(Collected data):
*** Block opens ***

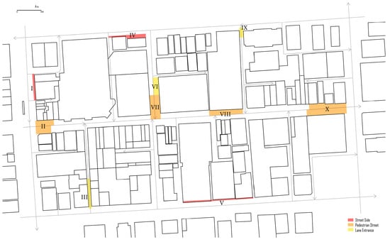 The public urban space within the Rundle Mall Block was subdivided into 98 small blocks (Figure 5), delineated by both physical environmental boundaries and the functional characteristics of adjacent buildings. To enhance verification efficiency and reduce the costs associated with field data collection, this study meticulously assessed spatial attributes and distribution locations. Consequently, 10 blocks, as depicted in Figure 6 and Table 6, were selected for on-site data collection.
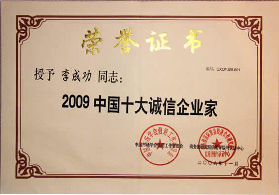 “2009中國(guó)十大誠(chéng)信企業(yè)家”榮譽(yù)證書(shū)
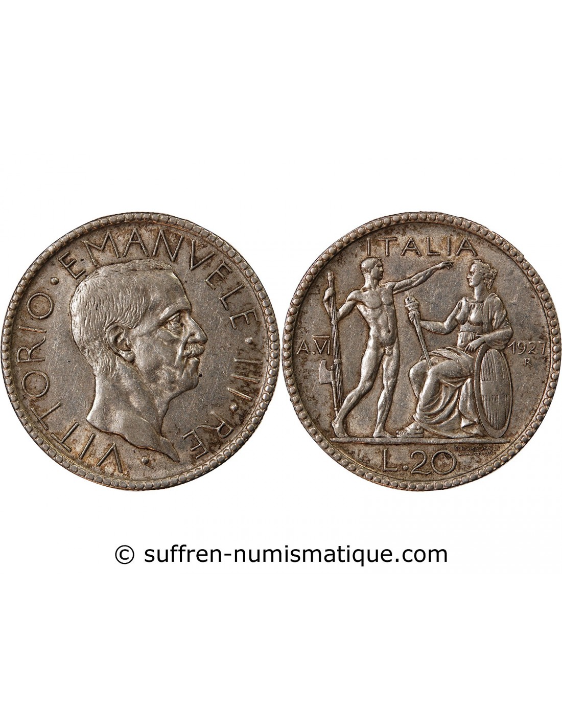 ITALIE, VICTOR EMMANUEL II - 20 LIRE ARGENT 1927 R ROME
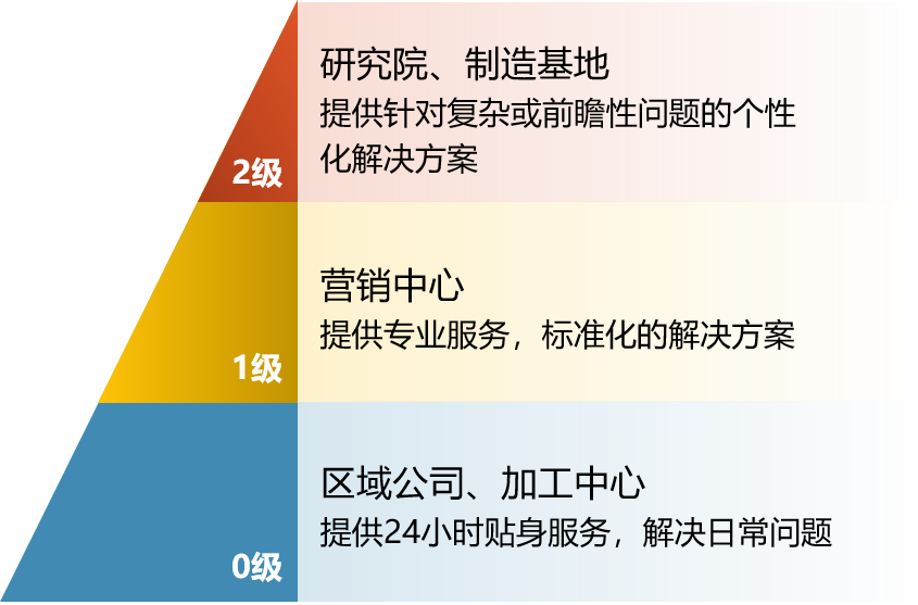 以技术引领深耕行业需求,以差异化营销提升服务品质,建立0、1、2三级服务团队的纵深技术服务机制。

*** Block closes ***

(Your objective):
Working from the lines above, reproduce the material exactly and exclude its pictures.

(Answer section):
 The public urban space within the Rundle Mall Block was subdivided into 98 small blocks (Figure 5), delineated by both physical environmental boundaries and the functional characteristics of adjacent buildings. To enhance verification efficiency and reduce the costs associated with field data collection, this study meticulously assessed spatial attributes and distribution locations. Consequently, 10 blocks, as depicted in Figure 6 and Table 6, were selected for on-site data collection.
 “2009中國(guó)十大誠(chéng)信企業(yè)家”榮譽(yù)證書(shū)
 ITALIE, VICTOR EMMANUEL II - 20 LIRE ARGENT 1927 R ROME
 以技术引领深耕行业需求,以差异化营销提升服务品质,建立0、1、2三级服务团队的纵深技术服务机制。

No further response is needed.